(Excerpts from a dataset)
*** Begin section ***
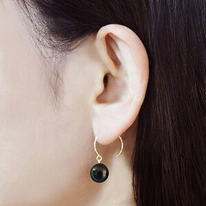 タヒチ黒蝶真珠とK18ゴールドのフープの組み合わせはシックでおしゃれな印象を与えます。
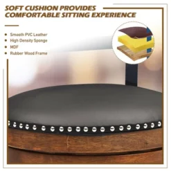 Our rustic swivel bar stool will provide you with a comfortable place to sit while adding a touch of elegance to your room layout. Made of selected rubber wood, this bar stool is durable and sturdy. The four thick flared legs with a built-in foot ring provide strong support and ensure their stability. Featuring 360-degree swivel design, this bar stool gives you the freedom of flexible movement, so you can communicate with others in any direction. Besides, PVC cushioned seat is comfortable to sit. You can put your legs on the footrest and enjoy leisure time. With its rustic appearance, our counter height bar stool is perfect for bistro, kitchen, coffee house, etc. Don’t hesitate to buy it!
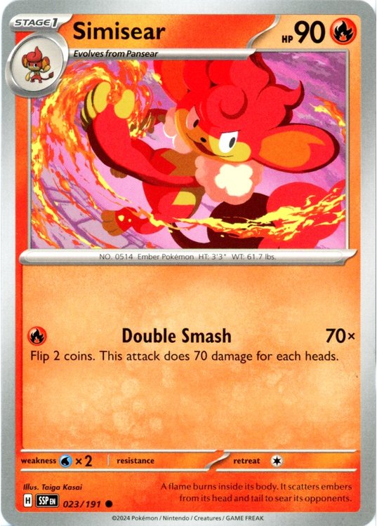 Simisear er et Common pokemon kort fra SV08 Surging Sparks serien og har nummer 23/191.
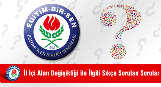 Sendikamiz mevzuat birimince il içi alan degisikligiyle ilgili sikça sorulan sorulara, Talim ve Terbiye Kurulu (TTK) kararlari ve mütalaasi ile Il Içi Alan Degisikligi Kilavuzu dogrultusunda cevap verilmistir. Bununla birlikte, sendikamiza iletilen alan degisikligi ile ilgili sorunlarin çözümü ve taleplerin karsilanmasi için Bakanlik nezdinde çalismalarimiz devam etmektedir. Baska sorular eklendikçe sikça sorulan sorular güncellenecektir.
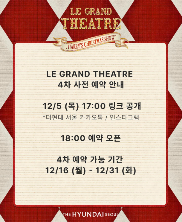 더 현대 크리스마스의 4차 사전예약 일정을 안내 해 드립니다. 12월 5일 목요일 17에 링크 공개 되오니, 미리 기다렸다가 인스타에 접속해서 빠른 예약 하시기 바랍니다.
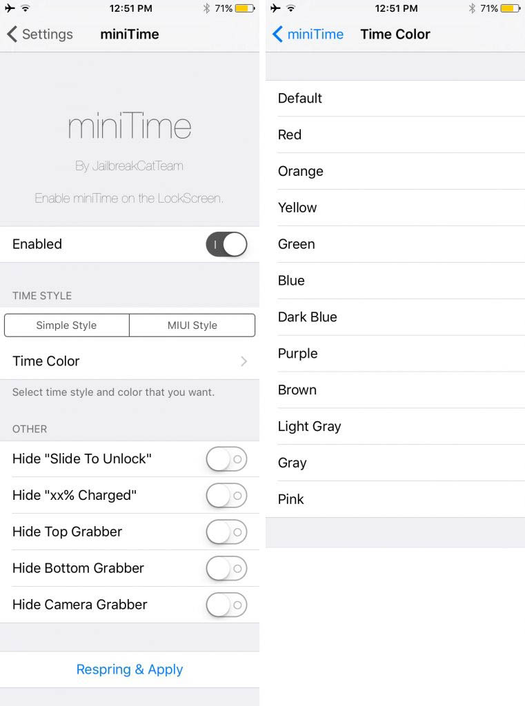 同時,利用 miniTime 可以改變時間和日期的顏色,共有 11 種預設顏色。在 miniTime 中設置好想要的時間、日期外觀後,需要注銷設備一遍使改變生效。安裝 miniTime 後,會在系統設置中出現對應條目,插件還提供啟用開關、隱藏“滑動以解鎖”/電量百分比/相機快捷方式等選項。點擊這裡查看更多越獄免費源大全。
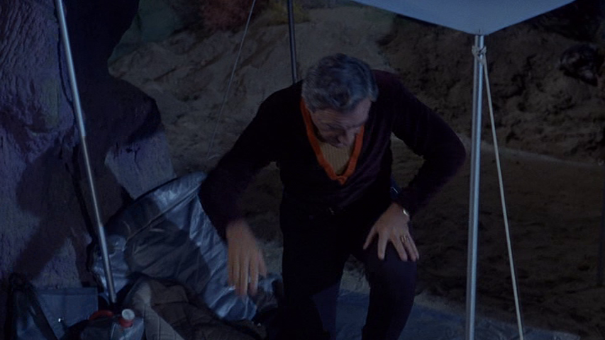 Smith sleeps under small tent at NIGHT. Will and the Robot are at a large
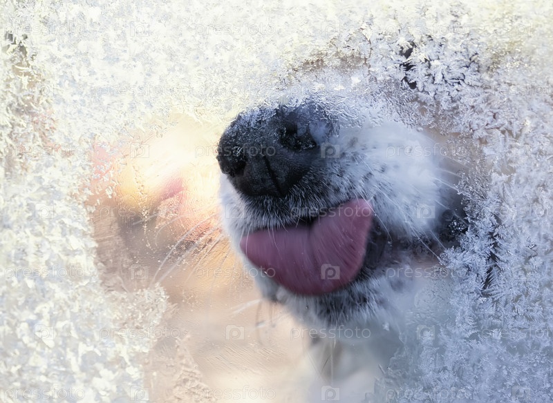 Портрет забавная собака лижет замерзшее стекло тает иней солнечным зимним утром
*** End section ***
Task =
Extract the part of the records that opens with the line containing "Simisear er et" and closes with the line containing "더 현대 크리스마스의". Take only those lines, exactly, and no pictures.

Response area =
 Simisear er et Common pokemon kort fra SV08 Surging Sparks serien og har nummer 23/191.
 Sendikamiz mevzuat birimince il içi alan degisikligiyle ilgili sikça sorulan sorulara, Talim ve Terbiye Kurulu (TTK) kararlari ve mütalaasi ile Il Içi Alan Degisikligi Kilavuzu dogrultusunda cevap verilmistir. Bununla birlikte, sendikamiza iletilen alan degisikligi ile ilgili sorunlarin çözümü ve taleplerin karsilanmasi için Bakanlik nezdinde çalismalarimiz devam etmektedir. Baska sorular eklendikçe sikça sorulan sorular güncellenecektir.
 더 현대 크리스마스의 4차 사전예약 일정을 안내 해 드립니다. 12월 5일 목요일 17에 링크 공개 되오니, 미리 기다렸다가 인스타에 접속해서 빠른 예약 하시기 바랍니다.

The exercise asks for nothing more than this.